#3 – BE the Real Deal – Because They’ll Become Who You Are
Our children become who we are, not what we tell them they should be.
Reality is, we are our kid’s first glimpse of God so what we do is just as important as what we say. When our kids see us, they need to see Jesus. How they perceive us is how they will perceive God.
If we’re angry all the time, they see God as angry. If they can never achieve enough, they get a B and you think they should have gotten an A – then they will see God as someone who is impossible to please.
I always felt loved by my Dad. I knew I was his little girl. However, at the same time I always felt like I never quite measured up no matter how hard I tried. I was an only child and I’m not sure if the fact I was a girl disappointed him or what. I just always was haunted with the feeling I wasn’t good enough, I remember one time I got all As and he asked if my school gave A+s. I must admit I struggle to this day with the fear that God sees me as not measuring up.
Our job is to train, model, coach and be an example in qualities like faithfulness, forgiveness, respect for authority, honesty, responsibility, and gratefulness.
Training is instruction and demonstration with a specific result in mind.

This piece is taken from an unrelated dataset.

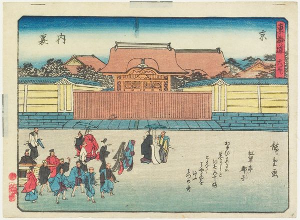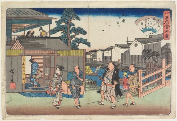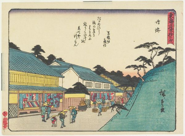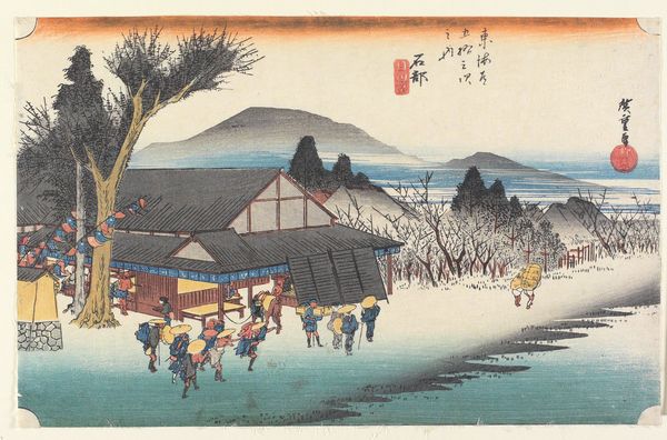 This woodblock print, 'Minakuchi', was created by Utagawa Hiroshige, sometime before his death in 1858. Part of the series 'Fifty-three Stations of the Tokaido Road', it depicts a post station on the highway between Kyoto and Edo, present-day Tokyo. The Tokaido Road was more than just a route; it was a crucial artery of Japanese society. The road facilitated the movement of people, goods, and, importantly, ideas. Hiroshige's series captures not just the landscape, but the bustling social life around it. The figures scurrying around the buildings, and the details of the architecture, together suggest the stratified society of the time, with its rigid social roles. Note the laborers, merchants, and travelers depicted here. Understanding the social and institutional history of the Edo period is key to interpreting this print. Detailed research into travel, commerce, and social customs offers a richer understanding of artworks like this, and the complex world they reflect.

Our intended result is seeing that the character of Christ is formed in our kids, and that they have a personal relationship with Him and learn how to make wise life choices.

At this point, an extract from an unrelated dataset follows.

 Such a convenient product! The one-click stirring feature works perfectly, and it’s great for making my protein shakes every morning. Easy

I think this passage from the Message says it so well.
‘So here’s what I want you to do, God helping you: Take your everyday, ordinary life—your sleeping, eating, going-to-work, and walking-around life—and place it before God as an offering. Embracing what God does for you is the best thing you can do for him. Don’t become so well-adjusted to your culture that you fit into it without even thinking. Instead, fix your attention on God. You’ll be changed from the inside out. Readily recognize what he wants from you, and quickly respond to it. Unlike the culture around you, always dragging you down to its level of immaturity, God brings the best out of you, develops well-formed maturity in you.’ Romans 12:1-2 msg
As parents and leaders, we are influencing everyone we encounter. Someone is watching our life. The question is not am I influencing someone? It’s how am I influencing them?
When we first became Christians our best friends thought we were crazy and just on another hair-brained wild one. Over the next 3 years we saw them now and then and always showed them the love of Jesus, but didn’t preach at them. Finally Debbie agreed to go to church with me an during one of the songs fell into my arms sobbing as she accepted Christ. They had watched us those years and saw that the changes God had made in us were real. They both came to Christ and follow Him to this day.
That’s the power of influence and being genuine. People are watching you. Your kids are watching you. That does not mean you have to be perfect. But you should be growing in the right direction. You should always be improving yourself, reading, listening to teachings, serving, spending time in God’s presence, and keeping yourself stirred up in the Lord. When you do these things, you’ll find you initiate the butterfly effect. The Butterfly Theory was developed by Edward Norton Lorenz a mathematician and meteorologist who was on of the first to propose the chaos theory. Lorenz speculated that if a butterfly flapped its wings in South America it would effect the weather in Texas. This is how our influence effects our kids the small things we do or don’t do, good or bad, have huge ramifications on their lives. Live like their lives depend on it, because they do.